As we’ve covered here and here, the Supreme Court will decide this term whether a whistleblower can pursue a Sarbanes-Oxley claim for retaliation by a privately-owned employer.  Jackie Lawson and Jonathan Zang, former employees of Fidelity investment advisory companies, say yes.  The First Circuit said no.

Lawson and Zang have now filed their opening brief in their attempt to persuade the Supreme Court to disagree with the First Circuit and reinstate their claim.  (Hat tip to scotusblog.com for making this and numerous other Supreme Court resources available.) 

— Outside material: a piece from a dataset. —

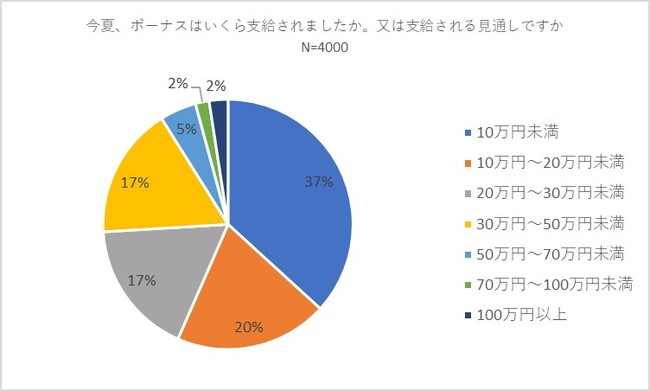 最初に回答者全員に対して「今夏、ボーナスはいくら支給されましたか。又は支給される見通しですか」との質問を行いました。その結果、「10万円未満」が37パーセントで最多の回答を集めました。続いて「10万円〜20万円未満」が20パーセントで入り、6割弱が20万円未満の支給であることがわかりました。さらに「20万円〜30万円未満」と「30万円〜50万円未満」がともに17パーセントで後に続きました。
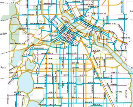 The actions below build upon several of our partner’s planning efforts. These include the Metropolitan Council’s long-term vision for the Regional Bicycle Transportation Network, which identifies regionally significant connections for bicyclists like the extension of the Midtown Greenway across the Mississippi River, as well as the Minneapolis Parks and Recreation Board’s efforts to complete the Grand Rounds trail system, which will be a 50+ mile system of trails in Minneapolis.

Lawson and Zang’s argument involves the interpretation of 18 U.S.C. § 1514A, the provision of Sarbanes-Oxley that allows whistleblower claims.  They argue that the plain language of Section 1514A applies to protect not only employees of publicly-traded companies and mutual funds, but also employees of contractors of those companies, such as the Fidelity investment advisers at issue in their case.  The statute bars contractors from retaliating against an “employee”: Lawson and Zang contend that this should be read to refer to those contractors’ “own employees,” in addition to the employees of public companies with whom the contractors work.  Br. at 15.  They argue that it wouldn’t make any sense to only prohibit retaliation by contractors against others’ employees, since it would be very difficult, if not impossible, for a contractor to terminate someone else’s employee.  Br. at 22.

Lawson and Zang also address the headings in Sarbanes-Oxley, which the First Circuit heavily relied upon when that court decided that they could not sue. In particular, the heading for Section 1514A(a) states: “Whistleblower protection for employees of publicly traded companies,” which suggests that employees of other companies are not covered. Lawson and Zang attempt to overcome this language by pointing out that the header to the entire section 1514A states, “Civil action to protect against retaliation in fraud cases,” without mentioning employees of public companies. Br. 42. They also note that employees of mutual funds are undisputedly covered by Section 1514A, even though they are not referenced in the heading. Br. 46. Based on these and other differences between the headings and the text of the statute, Lawson and Zang argue that the headings are merely “shorthand.” Br. 46.

Lawson and Zang also engage in an extensive discussion of the legislative history (a section that certain Justices are likely to skip). Br. 53-61. Finally, they argue that the Court should defer to the Department of Labor’s favorable interpretation of the statute, to the extent that the Court finds the language of the statute to be ambiguous. Br. 61-63.

Perhaps the highlight of the brief is the rebuttal of the First Circuit’s “Up in the Air” hypothetical, which posited that Congress included contractors in the statute to avoid allowing public companies to escape liability by hiring a George Clooney-type character to deliver the bad news. Br. 26-27, 37. They argue that the hypothetical "makes no sense" because the company would have been liable anyway under an agency theory for the acts of its authorized agent, the "axe-wielding" Clooney character.

Given this discussion, if there is no Clooney reference at oral argument, I’ll eat my suitcase.